“Triple talaq” in one sitting is alien to the Quran, which is the revealed word for Muslims, but is still part of Shariat law.
In a split 3-2 verdict on Tuesday, in which Chief Justice of India J.S. Kehar found himself in a minority, the Supreme Court struck down the concept of “triple talaq” uttered in one sitting or in a single instance, which had regrettably become the default divorce procedure among Muslims in India — leaving Muslim women in general, specially among the poor, vulnerable to the tastes of whimsical men, who typically had the backing of clerics, drawing sustenance from the prism of patriarchy.
This method of divorce had been codified in 1937 by the British rulers as a part of Muslim Personal Law, deriving from a narrow reading of Shariat law. Its delegitimising is historic, and should be seen as a blow for gender justice, for which Muslim women in the country have waged a sustained struggle in the face of unremitting opposition by Muslim males more generally, and in particular the All India Muslim Personal Law Board, the self-appointed guardians of social and personal conduct among Muslims.
The board refused to countenance the fact that even in many regressive Islamic countries, including next-door Pakistan, whose social structures are comparable to India’s in the matter of Muslim personal law, the “triple talaq” method of divorce has been done away with. This procedure is in the nature of biddat, or innovation, to the original principle, which crept into the body of the Islamic legal system from the time of Hazrat Umar, after the demise of Prophet Muhammad 14 centuries ago.
“Triple talaq” in one sitting is alien to the Quran, which is the revealed word for Muslims, but is still part of Shariat law, which is an amalgamation of the Muslim holy book, the actions and sayings of the Prophet, and the natural evolution of the legal framework in Muslim societies. It is this which led the Supreme Court to say that instant “triple talaq” was not part of the essential feature of Islam. As such, doing away with it was not an encroachment into a matter of faith.
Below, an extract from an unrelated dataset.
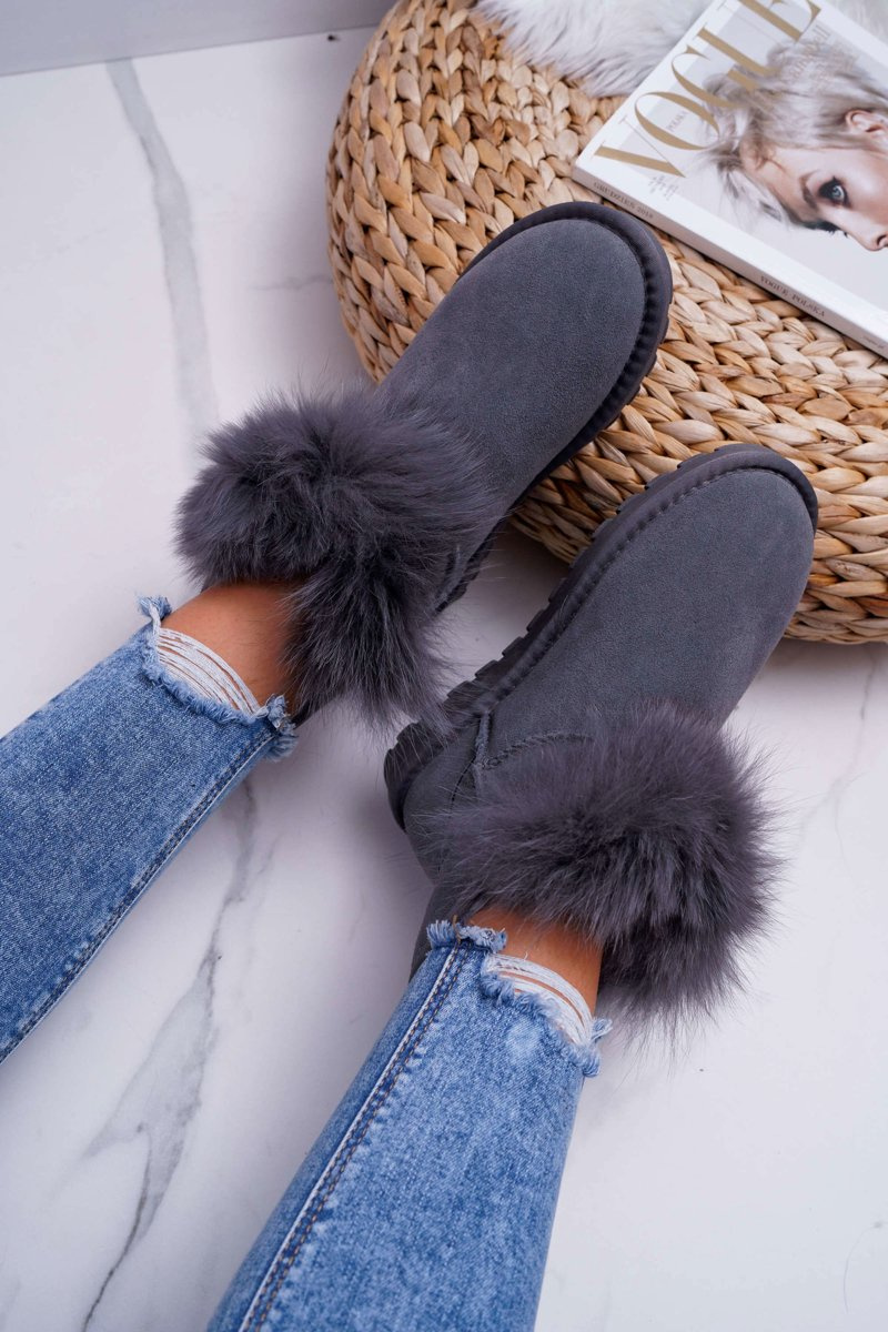 Damskie Botki Śniegowce Ocieplane Futerkiem Skóra Zamsz Szare Memento

As far back as 1981, a high court ruling had called instant triple talaq “invalid” and “unconstitutional”, exactly the words used by the Supreme Court while striking it down. The difference this time around is that the top court has asked the government to pass a law in Parliament within six months to regulate divorce procedures in a manner that does not leave Muslim women unprotected and that takes care of the concerns of gender equality in line with India’s constitutional requirements.
This is likely to be a challenge before the political class, who may be wary of coming in the line of fire of the conservative elements of Muslim society, for it is votes that they will count at the end of the day.